Дутье прекратили. В домне слышалось грозное ворчание. Показывая обожженные руки, Глоба сказал:
— Вручную забивать пробовал — не вышло.
Илья подошел к доменщикам, смотревшим на него с надеждой, спросил:
— Так что же, товарищи, будем выпускать на литейный двор, в скраб, другого выхода нет.
Доменщики знали, как будет рвать чугун на мокром литейном дворе, какой огненной картечью будут разлетаться во все стороны брызги чугуна. Они знали, как высоко могут взлетать взъерошенные чугунные глыбы в воздух от соприкосновения с водой.
Но выхода действительно не было.
И люди встали по своим местам.
Но вдруг все услышали клубящееся, воркующее пение гудка паровоза…
И все невольно остановились и повернули головы.
Черный паровоз мчался по путям, толкая вперед себя огромный грушевидный ковш-термос типа клинга с большим объемом, но маленьким входным отверстием.
Поймать чугунную струю с ходу в этот ковш была почти невозможно.
Струя чугуна, не попав в отверстие, ударившись о плечи ковша, будет бить сжигающим фонтаном. Машинист должен сразу суметь точно установить ковш — или чугун хлынет на будку, прожжет ее, и тогда конец машинисту.
Обычно эти ковши долго и тщательно устанавливают для наполнения перед пустым желобом.
Кроме того, нужно было сдвинуть два переполненных ковша так, чтобы не расплескать чугуна. Чугун, попав на рельсы, застынет на них, заварит скаты, и паровоз окажется прикованным под падающей струей металла.
Дождь громко шуршал.
Паровозный фонарь выхватывал из тьмы две косые полосы из толстых дождевых струй.
Все остальное было погружено в черноту.
Даже над шлаковой горой не было привычного багряного отблеска.
Паровоз не замедлял хода. Дождевые струи ударялись о него, разбиваясь в пыль. Паровоз, зажатыми в колодки тормозов колесами скользя по рельсам, толкнул ковши. Выплеснувшийся чугун, упав на землю, громко взорвавшись, ударил в упор чугунными брызгами.
В треске, в грохоте, в клубах рвущегося горячего пара скрылось все.
Оранжевая толстая кривая струя чугуна, казалось, висела в этом мраке.
Потом вдруг чугун взметнулся вверх косым высоким светящимся крылом.
Это струя чугуна упала на плечо котла-термоса.
Куски подброшенного вверх чугуна, падая, с грохотом ударялись о паровоз.

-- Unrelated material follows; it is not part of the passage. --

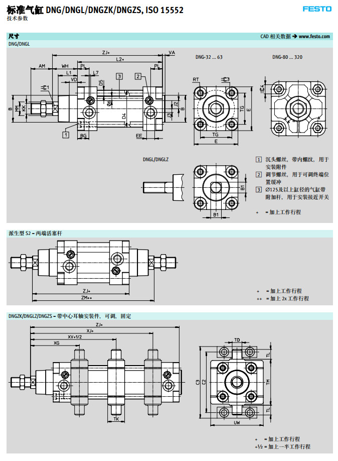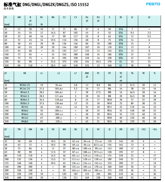 DNG-32,DNG-40,DNGL-50,DNGLZ-63,DNGZK-80,DNGZS-100,festo標準氣缸

На секунду мелькнуло в окне паровоза искаженное лицо Полещука.
И вдруг все померкло. Послышалось тяжелое, чавкающее падение чугунной струи в ковш.
Прибитый дождем пар медленно рассеивался.
Снова появились белые столбы паровозных огней и в них — дрожащие косые струи воды.
Чугун потрескивал, стрелял от попадавших в канаву дождевых капель, но тяжко и верно лился в узкое горло ковша.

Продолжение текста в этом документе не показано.